DD&A Expense – Oilfield Services. DD&A expense for oilfield services was $199,000 during the third quarter of 2010, compared to $155,000 during the same period of 2009. The quarter-to-quarter increase was primarily due to depreciation on recent capital additions.
Nonsegmented Information
G&A Costs. G&A costs were $1.5 million during the third quarter of 2010, down 1% from third quarter of 2009 levels.
Stock Compensation (G&A). For the three-month periods ended September 30, 2010 and 2009, we recognized $354,000 and $449,000, respectively, of stock compensation expense related to the amortization of restricted stock grants.
Interest and Other Income (Expense). Interest and other income was $789,000 during the third quarter of 2010, compared to $11,000 during the same period of 2009. Included in the 2010 amount was a gain of approximately $772,000 attributable to the sale of tubing associated with our Grundy-1 well, which was drilled and abandoned during 2008.
During the third quarter of 2010, we incurred $995,000 in interest expense.
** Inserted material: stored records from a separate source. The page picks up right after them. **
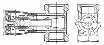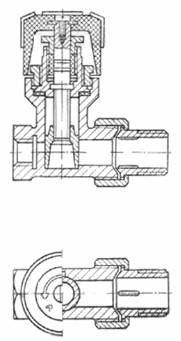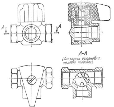 Пример условного обозначения трехходового регулирующего крана в универсальном исполнении, с условным проходом Dу 20 мм, с вентильным регулирующим устройством: Кран КРТВ 20 ГОСТ 10944-75 То же, в одностороннем исполнении, для установки на правой подводке: Кран КРТВп 20 ГОСТ 10944-75 То же, проходного регулирующего крана, с условным проходом Dу 15 мм, с пробковым регулирующим устройством: Кран КРПП 15 ГОСТ 10944-75 То же, регулирующего крана двойной регулировки, с условным проходом Dу 15 мм, с шиберным регулирующим устройством: Кран КРДШ 15 ГОСТ 10944-75 2. ТЕХНИЧЕСКИЕ ТРЕБОВАНИЯ2.1. Краны должны изготавливаться в соответствии с требованиями настоящего стандарта по рабочим чертежам, утвержденным в установленном порядке. 2.2. Конструкция регулирующего устройства крана должна обеспечивать плавное изменение теплоотдачи нагревательного прибора. 2.3. На корпусе или регулирующем устройстве крана типа КРД для определения положения регулирующего устройства при монтажном регулировании должна быть нанесена градуировка, соответствующая паспортным характеристикам крана. На рукоятках кранов всех типов должны быть нанесены необходимые указатели для потребительского регулирования. 2.4. Краны должны иметь ограничители крайних положений регулирующего устройства. Конструкция ограничителя должна исключать возможность изменения его положения потребителем. 2.5. Конструкция кранов должна позволять производить их установку с расположением оси шпинделя во всех промежуточных положениях от горизонтального до вертикального (рукояткой вверх). 2.6. Корпус крана и детали, соприкасающиеся с теплоносителем, должны изготавливаться из латуни марки ЛС-1Л по ГОСТ 17711-93, в качестве сальниковой набивки должен применяться фторопластовый уплотнительный материал по МРТУ 6-6-05-870-66 или сальниковая набивка по ГОСТ 5152-84. 2.7. Конструкция и материал рукояток кранов должны исключать их нагрев св. 45 °С на поверхности. 2.8. Литые детали кранов не должны иметь раковин, трещин, следов литников, шлаковых включений. Поверхности деталей должны быть очищены от облоя. 2.9. Присоединительные концы кранов должны выполняться муфтовыми по ГОСТ 6527-68 или ниппельными. В кранах типов КРА и КРД с Dу 10 мм присоединительные концы со стороны нагревательного прибора должны выполняться только ниппельными. 2.10. Противоположные присоединительные концы в кранах должны располагаться на одной оси, отводной присоединительный конец в кранах типа КРТ - под углом 90°. Отклонение не должно превышать: 1° для муфтовых и 3° для ниппельных и муфтово-ниппельных концов. 2.11. Трубная резьба присоединительных концов должна выполняться по ГОСТ 6357-81, класс точности В. Для других соединений выполняется метрическая резьба по ГОСТ 9150-81 и ГОСТ 24705-81 с допусками по ГОСТ 16093-81, грубый класс точности. 2.12. Сбеги резьб, недорезы, проточки и фаски должны выполняться по ГОСТ 10549-80. 2.13. Наличие сорванных витков, а также заусенцы на поверхности резьбы, препятствующие соединению деталей, не допускаются. Рванины и выкрашивания на поверхности резьбы не должны выходить за пределы среднего диаметра резьбы и их общая протяженность не должна превышать 1/3 витка. 2.14. Предельные отклонения размеров деталей кранов с необработанными поверхностями должны соответствовать указанным в ОСТ 1010, 9-й класс точности; с обработанными поверхностями - в соответствии с указан
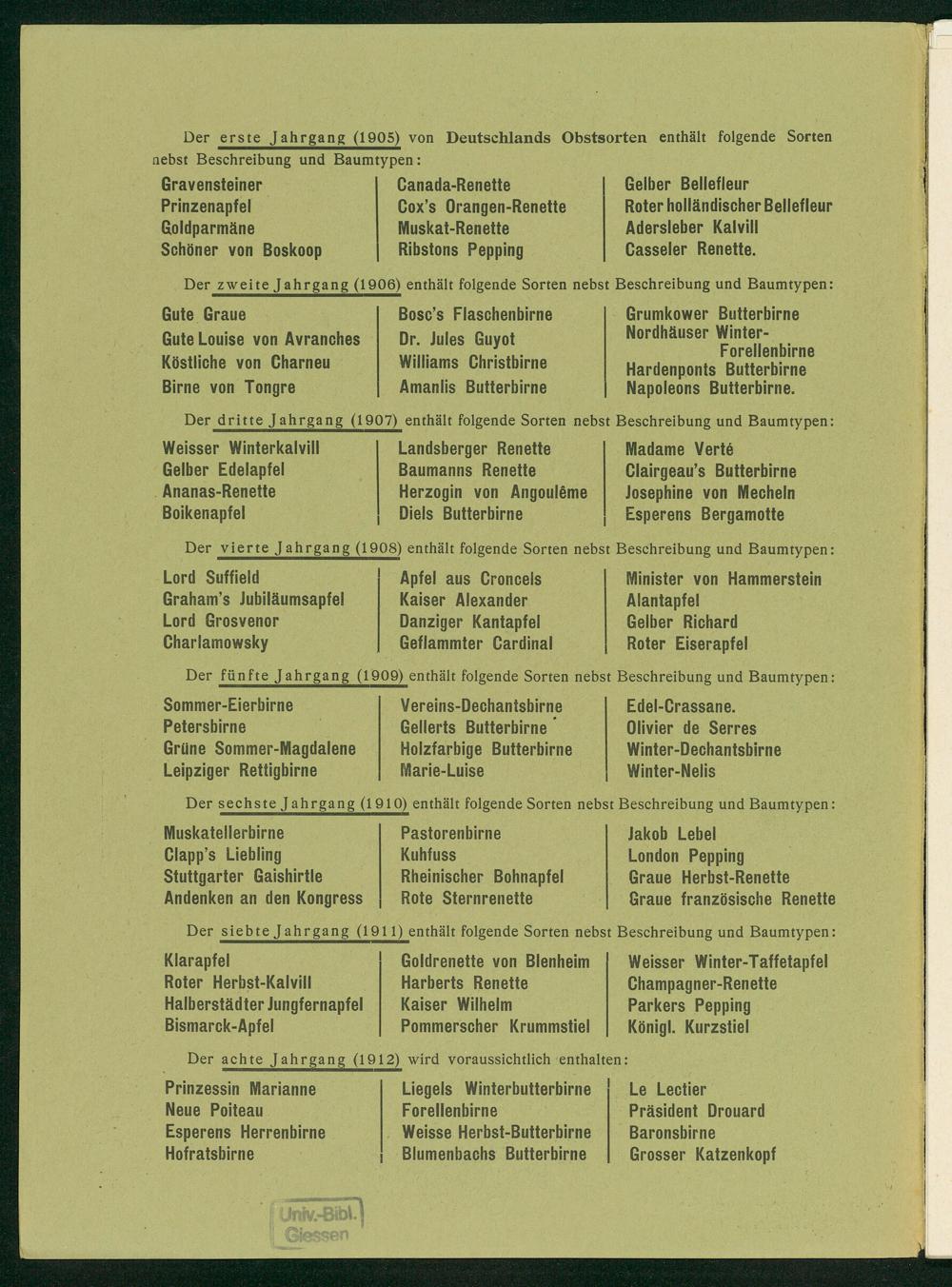 Der fünfte Jahrgang(1909) enthält folgende Sorten nebst Beschreibung und Baumtypen:
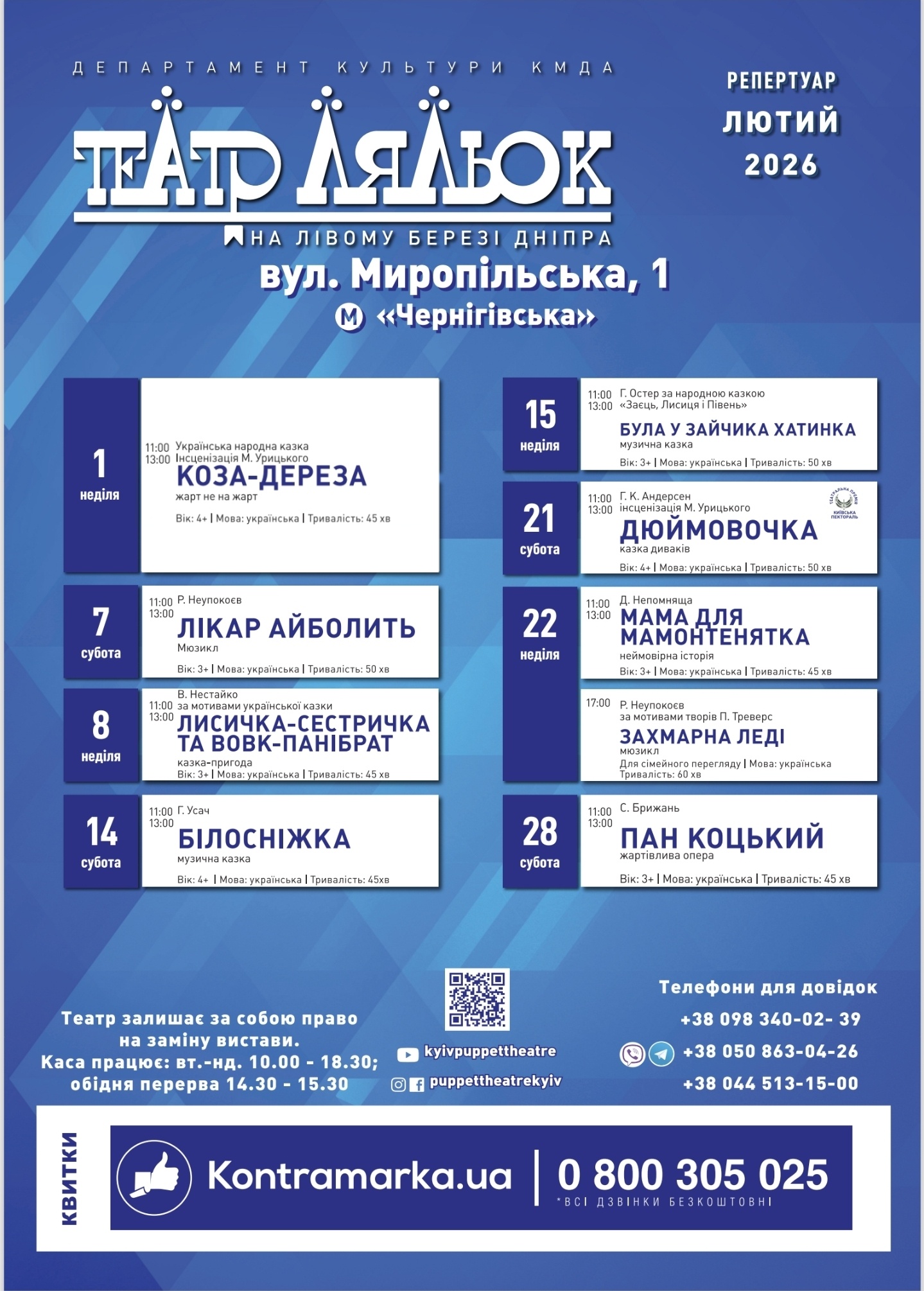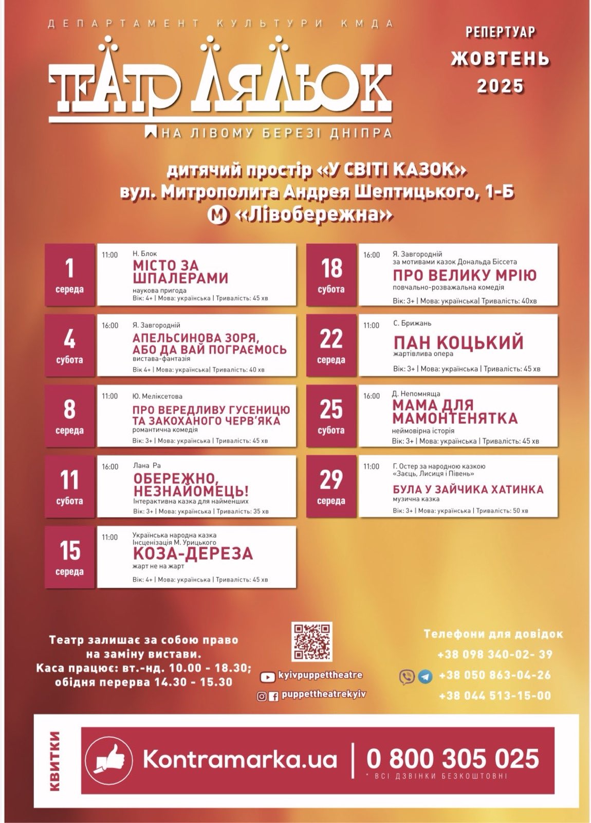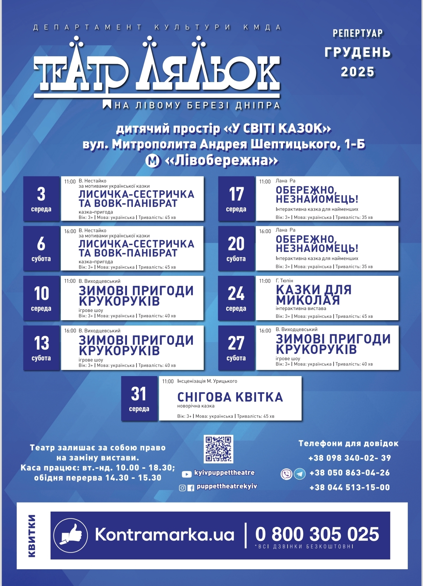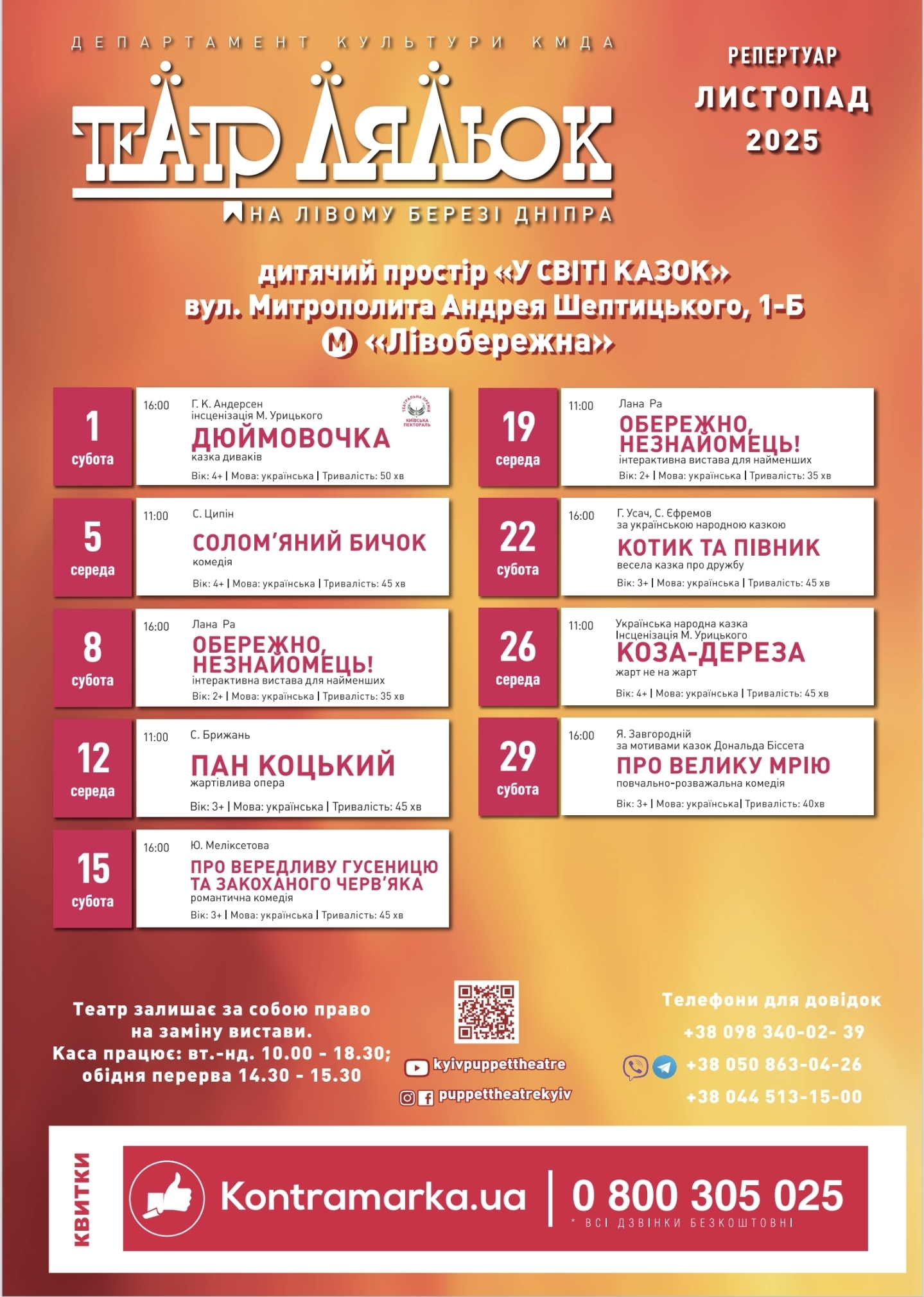 Афішу вистав Дитячого простору «У світі казок» дивіться нижче
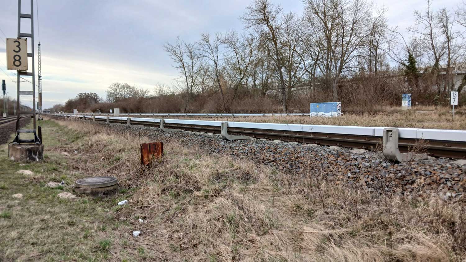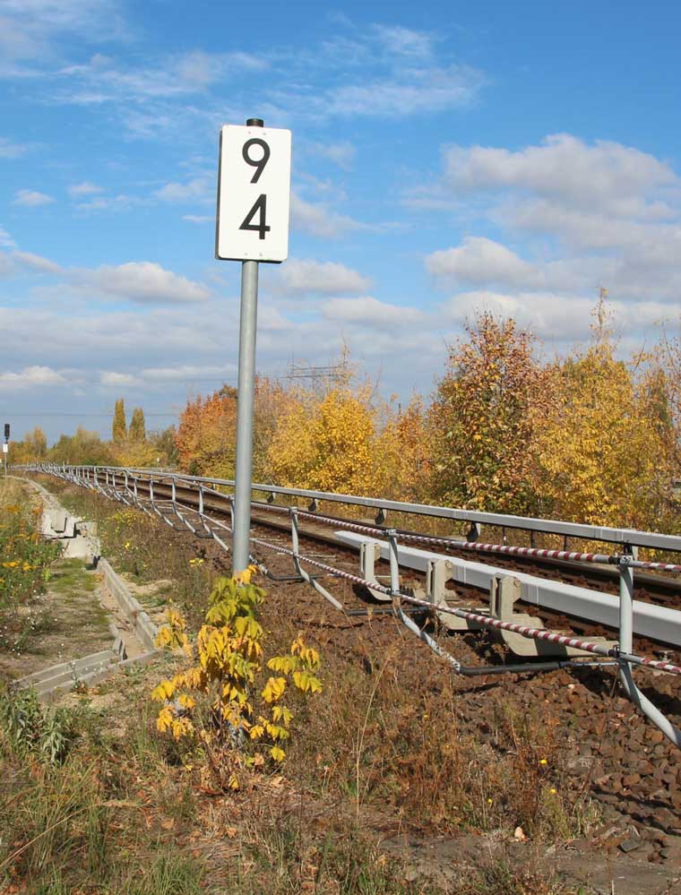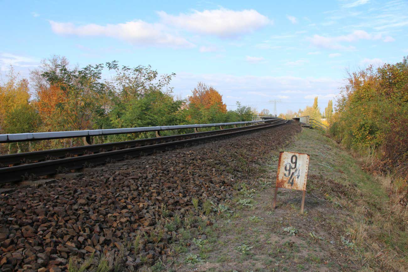 Rechts der Berliner Außenring (BAR-Streckenabschnitt 6067) mit km 3,4
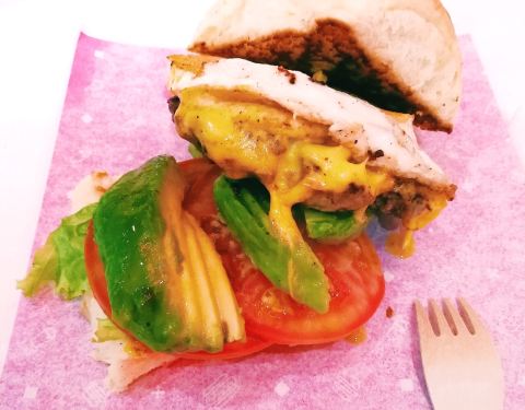 薯条能给四星,薯条还是不错的呢。汉堡只能给三星。 牛油果牛肉汉堡,牛油果不错…牛肉呢就有点偏咸了感觉很一般。好在是熟了的,还是可以吃。 店里人真的很多,位子都是一条一条要和好多不认识的人坐一起……真是好美式快餐。感觉很局促,人一多一挤这个天气就觉得好热了。赶紧吃完走人啦~
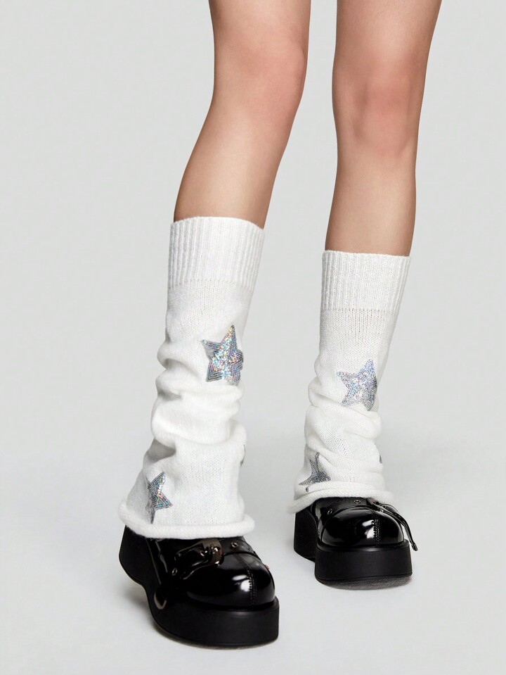 Kawaii Sequin Star Decor Solid Leg Warmers
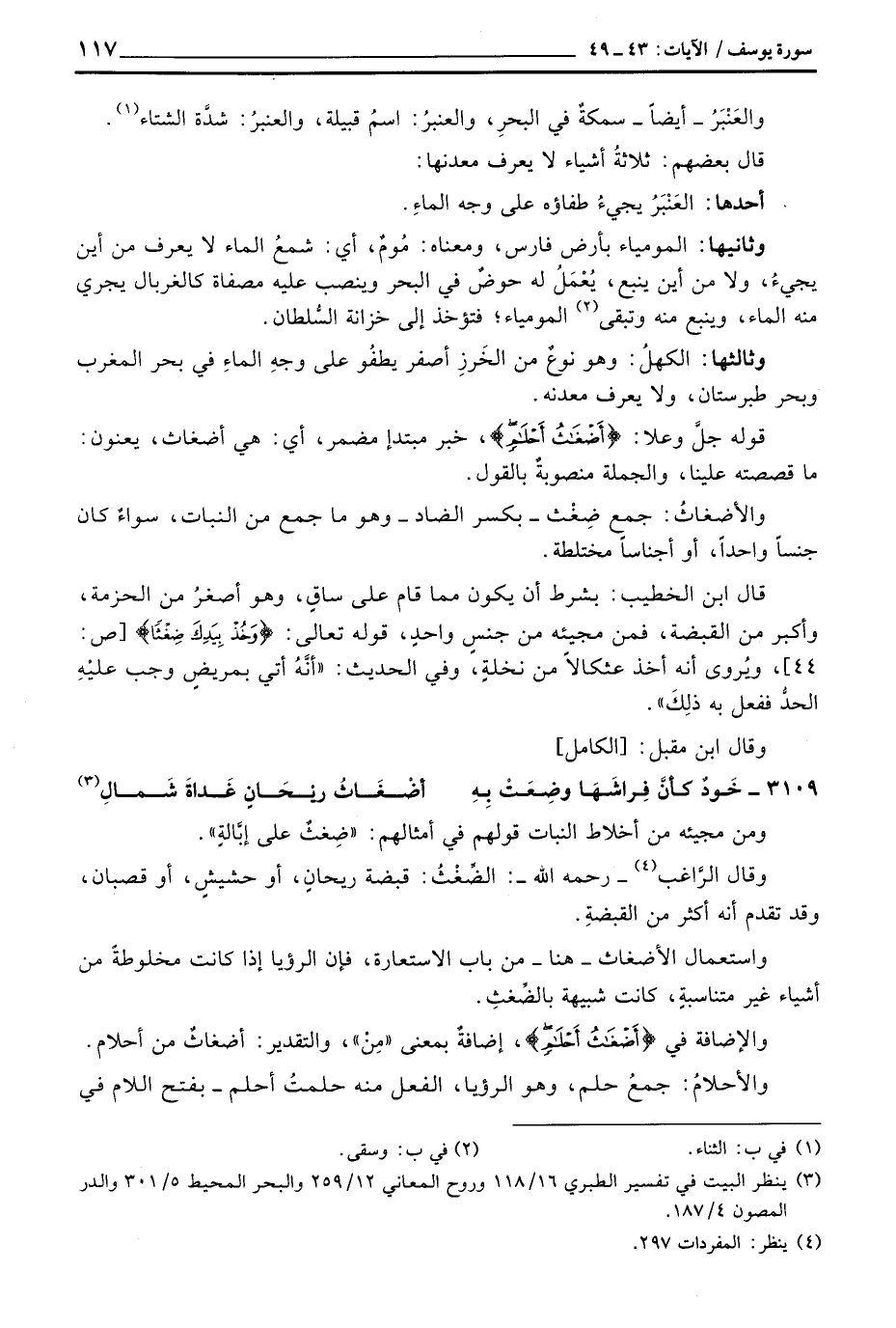 والأضغاثُ: جمع ضِغْث بكسر الضاد وهو ما جمع من النبات، سواءٌ كان جنساً واحداً، أو أجناساً مختلطة.
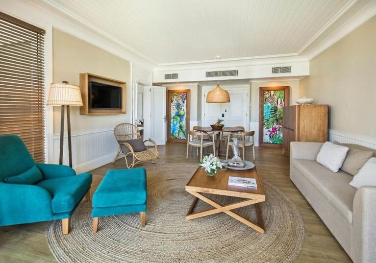 Alle Suiten verfügen über Föhn, Safe, Kaffee-/Teezubereiter und Minibar, dazu einen möblierten Balkon oder eine Terrasse mit Gartenblick. Gegen Aufpreis bucht Ihr Meerblick oder Beachfront. Ein Butler-Service rundet das Setup ab, wahlweise für entspannte Strandtage oder aktive Ausflüge geplant. Highlight: Optionaler Meerblick oder Beachfront für den direkten Horizont.
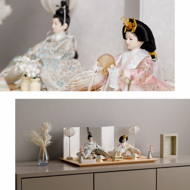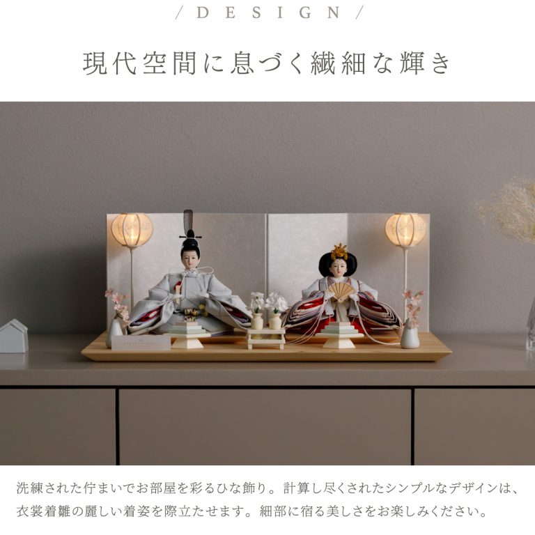 人形のお顔、飾り台、お道具まですべてにこだわり抜いて制作した、preferプロデュースの雛人形。熟練の職人たちがその技術を惜しみなく注いだ、本格派かつ高級志向のハイグレードなおひな様です。流行に左右されないシンプルモダンなスタイルのひな飾りは、時代を超えてどんな日の雛祭りにも華を添えます。衣裳着雛人形の美しい着姿を楽しめる親王飾り。かわいいお顔のお殿様とお姫様が優しく微笑みます。省スペースで楽しめる超コンパクトサイズ。存在感を放ちつつインテリアのようにお部屋に溶け込みます。高級感あふれる正絹生地のお衣裳は、おめでたい日の雰囲気をいっそう盛り上げてくれるでしょう。飾り台には肌目の美しい檜(ヒノキ)の台座を使用。趣深い白の四曲屏風と共に、ひな人形のお衣裳を引き立てます。組立て不要な平飾りタイプは設置もお手軽。繊細で美しいお道具もセットになり、華やかかつ豪華な雛飾りに仕上げました。可愛い雪洞はコードレスタイプです。初節句のお祝いやギフトにおすすめの、最高級の逸品です。

In connection with our new credit facility, we charged $577,000 of previously unamortized loan fees associated with our prior credit facility to interest expense during this quarter. We also recorded $122,000 of amortization of loan fees and $87,000 in unused commitment fees. During the third quarter of 2009, we incurred $141,000 in interest expense, which included $46,000 of amortization of previously incurred loan fees.
Foreign Exchange Gain (Loss). During the third quarter of 2010, we recorded foreign currency transaction gains of approximately $20.1 million, principally attributable to decreases in the amount of Polish zlotys necessary to satisfy outstanding intercompany dollar-denominated loans. We recorded foreign exchange gains of $12.2 million during the same quarter of 2009, which were also principally related to our intercompany loans. During the third quarter of 2010, the zloty strengthened by approximately 14% against the U.S. dollar from the beginning to the end of the quarter, which caused us to recognize foreign currency transaction gains. During the third quarter of 2009, the zloty strength ened by approximately 9% against the U.S. dollar from the beginning to the end of the quarter, which caused us to recognize foreign currency transaction gains.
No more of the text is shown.